The Tate Exponentiation

The fact that each element of $\mathbb{F}_q$ has order $q-1$ can be used to shave time off the final exponentiation of a Tate pairing computation. Suppose we wish to raise $a \in \mathbb{F}_{q^k}$ to the power of

\[ n = \frac{q^k - 1}{r} = r^{-1} \prod_{d | k} \Phi_d(q) \]

Since $k$ is the embedding degree, we have $r | \Phi_k(q)$ (and no smaller cyclotomic polynomial, otherwise the embedding degree would be smaller). Then compute $a^n$ by first computing $a^{(q^k - 1)/\Phi_k(q)}$ using a few multiplications and inversions by exploiting the fact that $x^q = x$ for all $x\in\mathbb{F}_q$, and then exponentiating by $\Phi_k(q)/r$ in the usual way.

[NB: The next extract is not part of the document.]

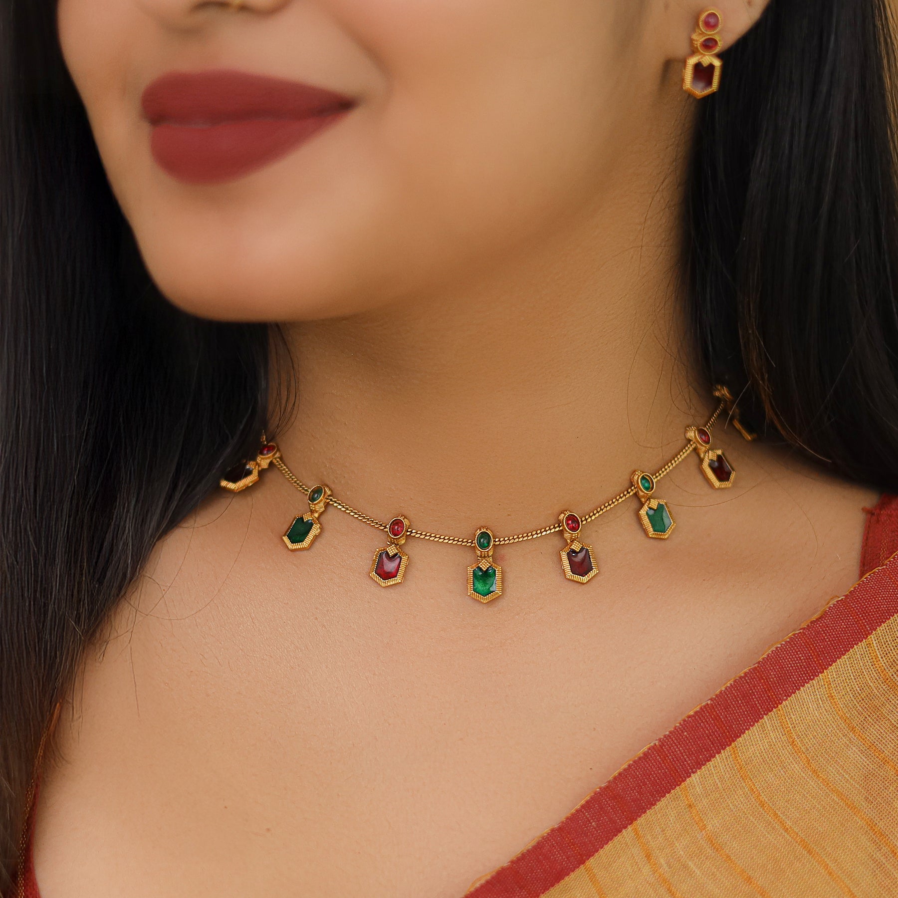 Alaka Golden Enamel Short Neckpiece With Earring

For example, suppose $k = 2$, and that we have implemented $\mathbb{F}_{q^2}$ as $\mathbb{F}_q [\alpha]$. (A common choice is $\alpha = i = \sqrt{-1}$.) We have $r | \Phi_2(q) = q + 1$. Write $a = u + \alpha v$ where $u, v \in \mathbb{F}_q$. Then

\[ a^{q-1} = (u + \alpha v)^q a^{-1} = (u + \alpha^q v)/a \]

where $\alpha^q$ is some constant that can be precomputed. [In particular, if $\alpha^2 = b \in \mathbb{F}_q$ for some quadratic nonresidue $b$ then $\alpha^q = \alpha b^{(q-1)/2} = -\alpha$.] Then exponentiate by $(q+1)/r$ to obtain $(a^{q-1})^{(q+1)/r} = a^n$.

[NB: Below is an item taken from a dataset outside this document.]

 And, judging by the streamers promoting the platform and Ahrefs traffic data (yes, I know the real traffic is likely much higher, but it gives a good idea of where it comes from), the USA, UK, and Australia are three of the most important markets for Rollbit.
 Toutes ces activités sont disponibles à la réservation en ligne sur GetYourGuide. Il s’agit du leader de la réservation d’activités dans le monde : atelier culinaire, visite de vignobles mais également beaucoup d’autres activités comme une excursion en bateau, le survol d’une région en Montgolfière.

Another example. Suppose $k = 6$ and $\mathbb{F}_{q^6} = \mathbb{F}_q[\alpha]$, and we wish to find $a^{(q^6 - 1)/r}$ for some $a \in \mathbb{F}_{q^6}$. We have $q^6 - 1 = \Phi_6(q) (q^4 + q^3 - q - 1)$ where $\Phi_6(q) = q^2 - q + 1$. Write $a = u_0 + u_1 \alpha + ... + u_5 \alpha^5$. Then compute

\[ a^{q^4 + q^3 - q - 1} =\frac{(u_0 + u_1 \alpha^{q^4} + ... + u_5 \alpha^{5q^4}) (u_0 + u_1 \alpha^{q^3} + ... + u_5 \alpha^{5q^3})} { (u_0 + u_1 \alpha^q + ... + u_5 \alpha^{5q})a } \]

Each power of $\alpha^q$ can be precomputed. Finally exponentiate by $(q^2 - q + 1) / r$.